KFC said it is phasing out trans fats in cooking its Original Recipe and Extra Crispy fried chicken, Potato Wedges and other menu items. Trans fats are believed to raise consumer cholesterol levels.
The restaurant chain said Monday it will start using zero trans fat soybean oil systemwide with the rollout expected to be completed by April 2007. KFC said many of its approximately 5,500 restaurants already have switched to low linolenic soybean oil, replacing partially hydrogenated soybean oil.
Crispy Strips, Wings, Boneless Wings, Buffalo and Crispy Snacker Sandwiches, Popcorn Chicken and Twisters also are part of the menu change.
The announcement came just ahead of a New York City Board of Health public hearing on a plan to make New York the first U.S. city to ban restaurants from serving food containing artificial trans fats.
Artificial trans fat is so common that the average American eats 4.7 pounds of it a year, according to the Food and Drug Administration.
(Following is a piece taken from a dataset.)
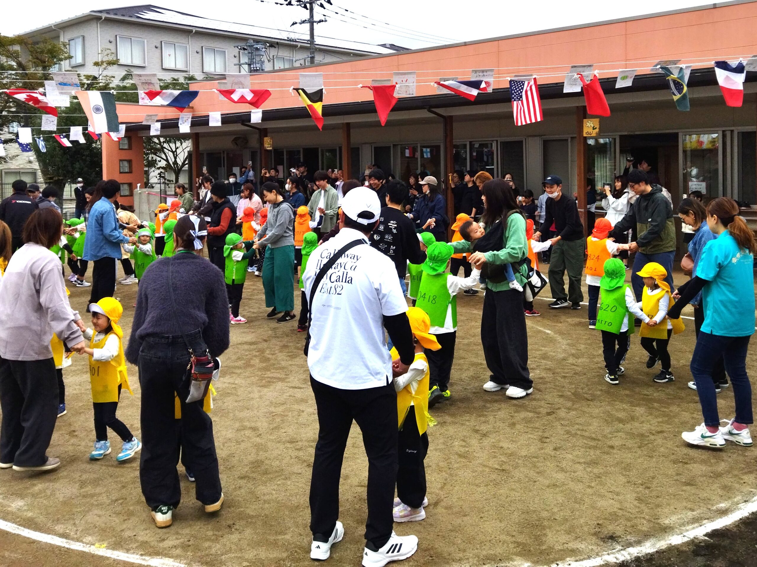 保護者も子どもたちと同じ曲で、ダンス&玉入れ🔴⚪

But health officials say trans fat belongs in the same category as food spoiled by poor refrigeration or rodent droppings.
The switch was applauded by the Center for Science in the Public Interest, which sued the Louisville, Ky.-based KFC in June over the trans fat content of its chicken.
KFC is part of Yum Brands Inc. (YUM), which also owns the Taco Bell and Pizza Hut chains.